The plaintiffs also alleged that Apple had breached its implied warranty of merchantability. The court dismissed this claim, explaining that there was no recognizable legal theory holding that a seller’s failure to disclose the costs of replacing a product’s consumable part is a breach of the implied warranty of merchantability. The court explained that a legal claim under a theory of implied warranty of merchantability is concerned with the condition of the goods at the time of sale. Thus, the breach of the implied warranty of merchantability would only occur if the defect existed when the iPhone left Apple’s control. Since the eventual replacement of the iPhone’s battery does not involve the iPhone’s condition at the time of sale, the court dismissed the claim.
Lastly, the court dismissed the plaintiffs’ breach of contract claim. The court found that Apple’s only contractual agreement with the plaintiffs was to sell them a “functional and complete iPhone, including a battery” and that Apple had not agreed to replace any depleted or broken part indefinitely at no additional cost.

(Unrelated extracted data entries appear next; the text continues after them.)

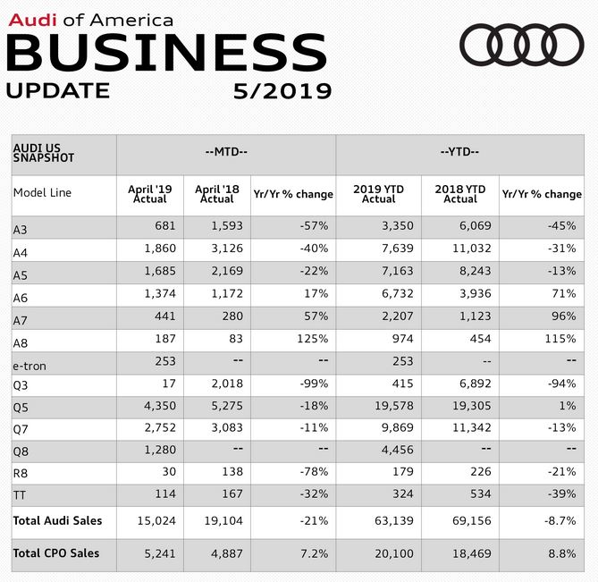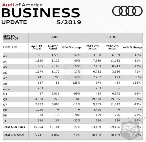 Audi didn't have a lot to say this month, other than they are celebrating their 50th year in the US with a 21% sales DECLINE in April.Read this and weep friends:
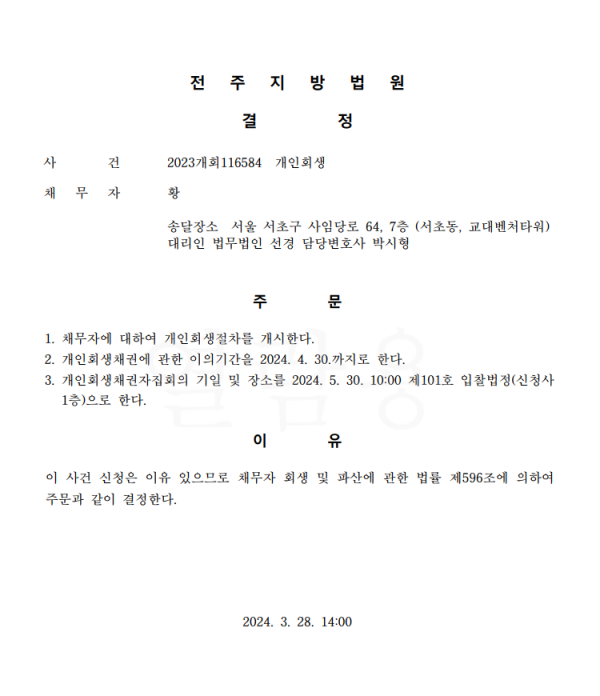 개인회생신청사건의 개시결정문
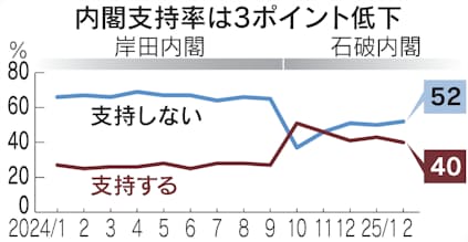 石破内閣の支持率は40%で、前回調査から3ポイント低下したが、大きな変動はなかった。「支持しない」と回答した人は52%で2ポイント上昇し、内閣に対する不満が増えていることがうかがえる。
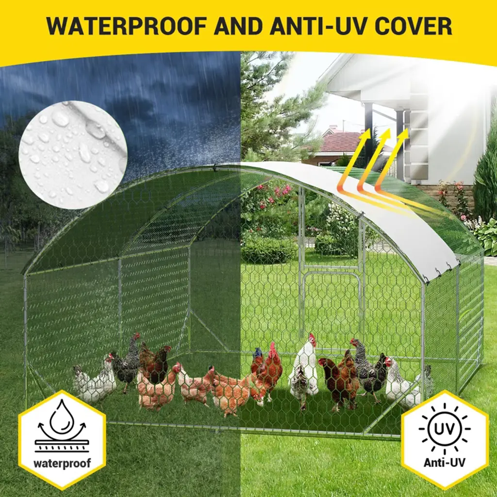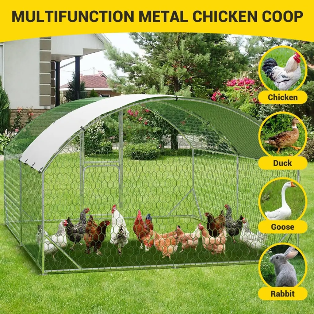 Large Metal Chicken Coop, Walk In Poultry Cage With Waterproof Cover, Chicken Run,hen Rabbit Duck House For Backyard Farm Use 9.8'w X 13.1'd X 6.6'h
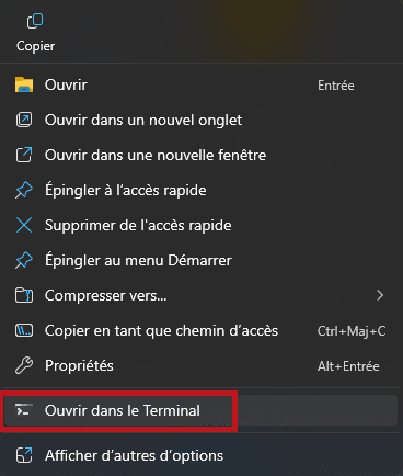 Vous pouvez y aller avec le gestionnaire de fichiers et faire un clic droit dessus (Ouvrir dans le terminal)
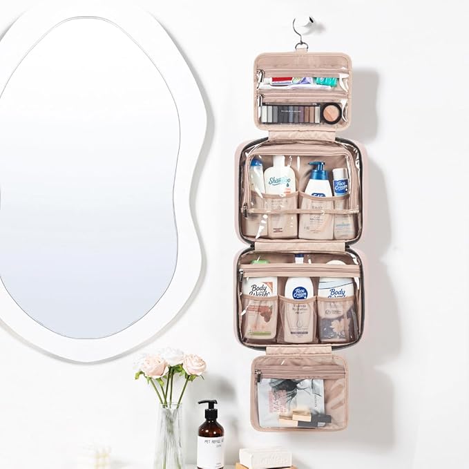 - ESSENTIAL ARRANGEMENT - A hanger to hook allows you to hang the toiletry bag almost anywhere for easy accessibility. Quick-access front pocket for secure storage

This case demonstrates the importance of properly disclosing all material terms and conditions on product packaging and advertising materials. By including proper notice on the product packaging, Apple prevented the plaintiffs from being able to allege successfully that Apple had deceived them. Companies are advised to seek legal counsel to ensure proper drafting and design of product packaging and product advertising.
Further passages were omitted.